DATA SECTION:
=== Begin Enclosure ===

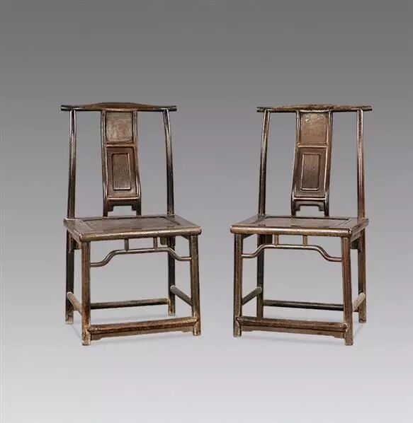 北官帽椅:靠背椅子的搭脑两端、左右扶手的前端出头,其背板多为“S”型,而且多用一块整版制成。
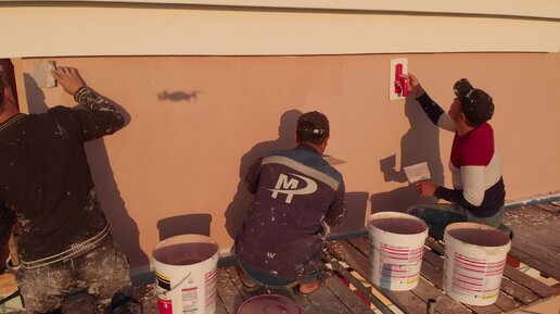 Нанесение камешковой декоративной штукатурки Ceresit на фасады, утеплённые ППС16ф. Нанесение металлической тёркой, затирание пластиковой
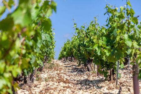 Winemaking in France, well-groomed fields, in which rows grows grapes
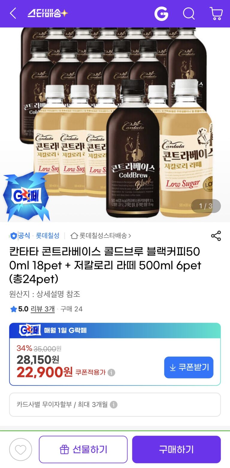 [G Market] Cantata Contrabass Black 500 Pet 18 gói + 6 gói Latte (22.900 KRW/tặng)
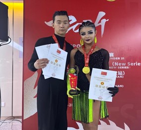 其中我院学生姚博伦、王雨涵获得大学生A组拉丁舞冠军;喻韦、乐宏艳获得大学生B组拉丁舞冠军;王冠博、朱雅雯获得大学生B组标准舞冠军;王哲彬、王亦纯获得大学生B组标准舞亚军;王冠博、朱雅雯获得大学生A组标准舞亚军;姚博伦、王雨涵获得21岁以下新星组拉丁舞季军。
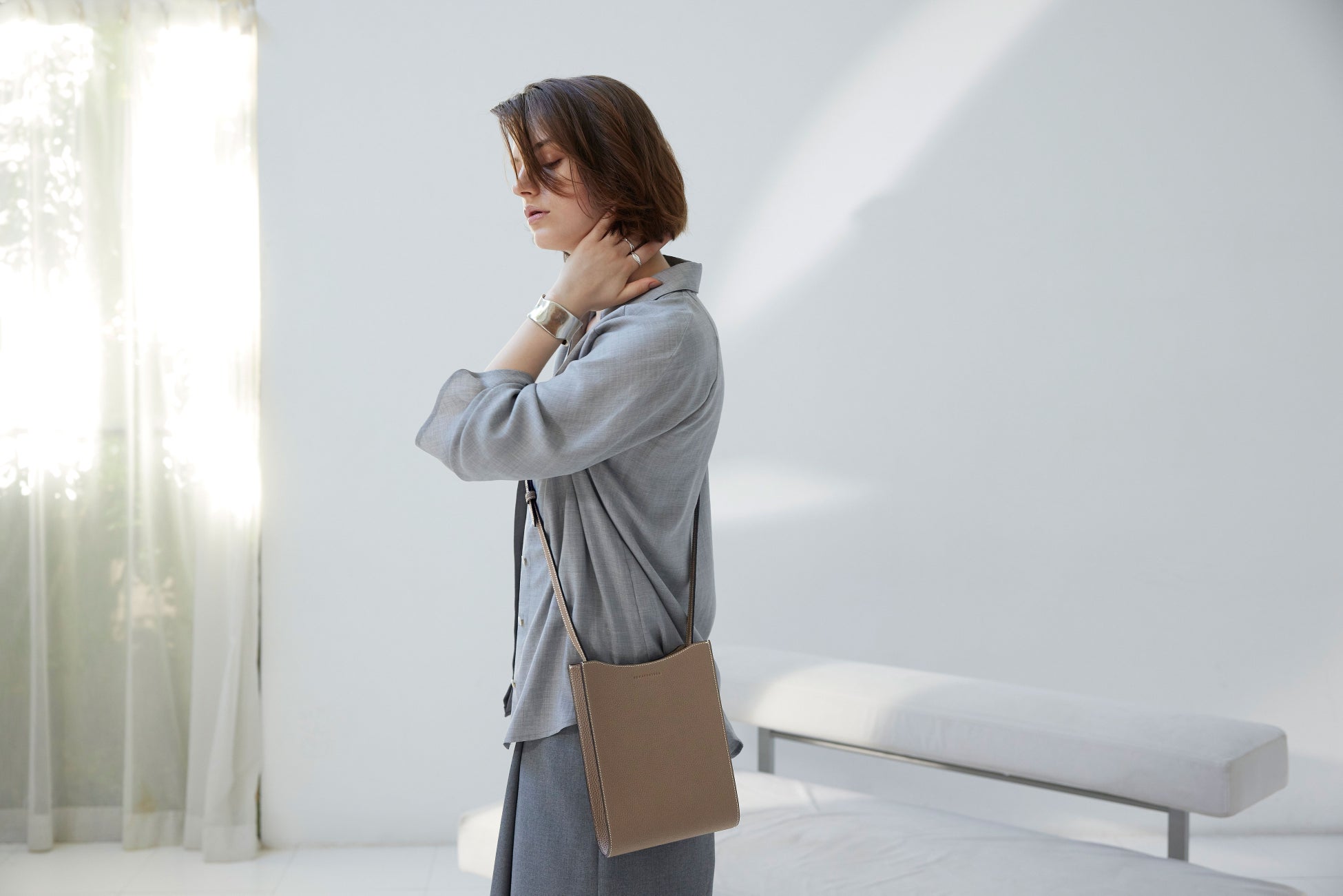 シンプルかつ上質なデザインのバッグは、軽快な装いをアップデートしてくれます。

=== End Enclosure ===
=== Begin Enclosure ===

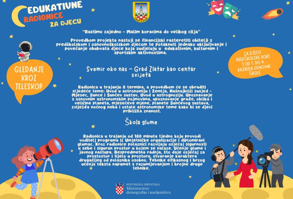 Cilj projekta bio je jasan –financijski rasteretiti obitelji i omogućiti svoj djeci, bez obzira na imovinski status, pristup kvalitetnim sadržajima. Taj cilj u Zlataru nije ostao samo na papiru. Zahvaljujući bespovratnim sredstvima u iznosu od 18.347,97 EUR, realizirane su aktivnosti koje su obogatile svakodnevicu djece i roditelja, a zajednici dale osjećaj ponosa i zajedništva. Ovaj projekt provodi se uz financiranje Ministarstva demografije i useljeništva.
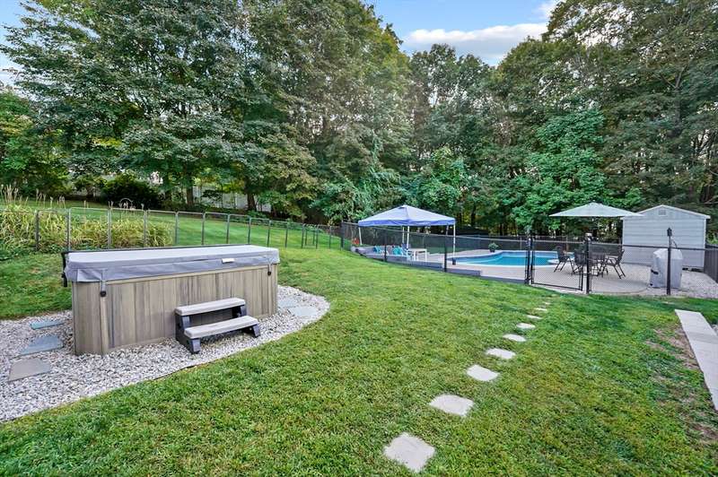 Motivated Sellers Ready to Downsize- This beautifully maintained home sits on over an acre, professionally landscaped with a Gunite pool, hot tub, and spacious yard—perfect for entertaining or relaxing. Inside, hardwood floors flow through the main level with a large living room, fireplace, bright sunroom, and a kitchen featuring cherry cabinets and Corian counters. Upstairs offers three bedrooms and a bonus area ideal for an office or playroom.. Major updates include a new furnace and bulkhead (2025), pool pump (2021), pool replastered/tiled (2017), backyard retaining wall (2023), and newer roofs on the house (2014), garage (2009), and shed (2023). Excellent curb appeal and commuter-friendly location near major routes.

=== End Enclosure ===
=== Begin Enclosure ===

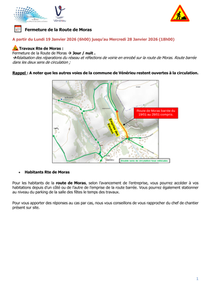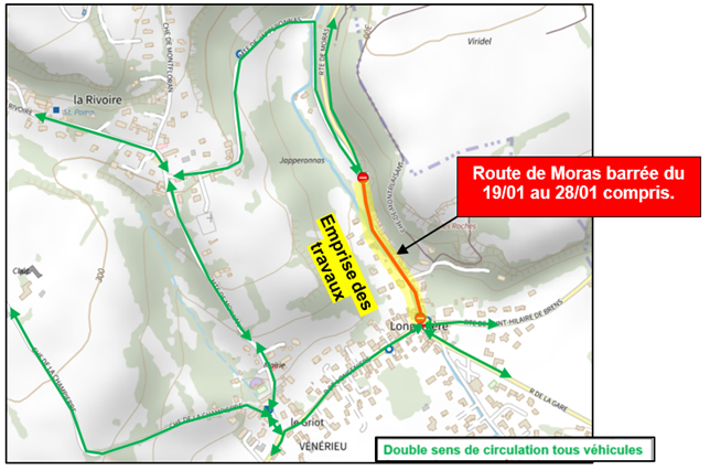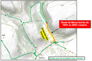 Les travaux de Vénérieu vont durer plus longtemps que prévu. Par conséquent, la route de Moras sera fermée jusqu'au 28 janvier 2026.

=== End Enclosure ===

ACTIVITY:
Write out exactly the run of lines above that starts at the line containing "北官帽椅:靠背椅子的搭脑两端" and ends at the line containing "シンプルかつ上質なデザインのバッグは、軽快な装いをアップデートしてくれます。". Include both, and leave the pictures out.

RESULT BELOW:
 北官帽椅:靠背椅子的搭脑两端、左右扶手的前端出头,其背板多为“S”型,而且多用一块整版制成。
 Нанесение камешковой декоративной штукатурки Ceresit на фасады, утеплённые ППС16ф. Нанесение металлической тёркой, затирание пластиковой
 Winemaking in France, well-groomed fields, in which rows grows grapes
 [G Market] Cantata Contrabass Black 500 Pet 18 gói + 6 gói Latte (22.900 KRW/tặng)
 其中我院学生姚博伦、王雨涵获得大学生A组拉丁舞冠军;喻韦、乐宏艳获得大学生B组拉丁舞冠军;王冠博、朱雅雯获得大学生B组标准舞冠军;王哲彬、王亦纯获得大学生B组标准舞亚军;王冠博、朱雅雯获得大学生A组标准舞亚军;姚博伦、王雨涵获得21岁以下新星组拉丁舞季军。
 シンプルかつ上質なデザインのバッグは、軽快な装いをアップデートしてくれます。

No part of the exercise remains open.